Remember to do your research, ask an expert and try things out wisely.
Can CBD Be Added To The Mix?
In fact, Dr. Sulak suggests that new cannabis consumers should start with a 1:1 ratio of THC and CBD, since it can be so much more beneficial.
“When we add CBD to THC we tend to get a wider therapeutic window, which means we are less likely to see side effects of THC and more likely to see benefits,” affirms Dr. Sulak.
How Do I Know if Microdosing is Right for Me?
The short answer: You will never know unless you try it.
That being said, if you’re not sure about trying it or just don’t have the time, place or resources to start your microdosing adventure, my advice is to look at other people’s experience on the subject.
Here’s an article about Charlotte Palermino, co-founder of Nice Paper and freelance beauty and food writer. She tried microdosing for a week while visiting Los Angeles while keeping track of her process throughout the week. She also draws some conclusions to her experiment, you may be very interested in seeing those!
And last but not least, you should always educate yourself about the subject, or even better, talk to an expert.

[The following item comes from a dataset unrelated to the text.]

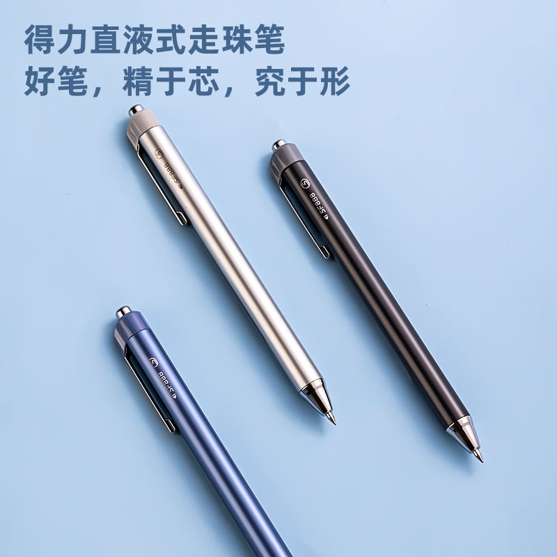 得力直液式走珠笔速干大容量直液笔0.5黑色中性笔学生用速干刷题笔水性笔直液笔圆珠笔商务办公简约风笔杆

I recommend you check out Healer, a digital, science-based center that promotes cannabis education, dosage programs and industry training.
“We need to change our relationship with cannabis from something that we use for recreation or to treat severe symptoms to something that we use to stay healthy, like we would a multivitamin.”
–Dr. Dustin Sulak, Co-Founder and Medical Director of Healer, an expert on medical cannabis.
DISCLAIMER: This is not medical advice. The information on this article is for informative and entertainment purposes only. Nothing here substitutes advice you can get from a medical doctor. If you have any question about medical marijuana use, you should talk to a licensed physician.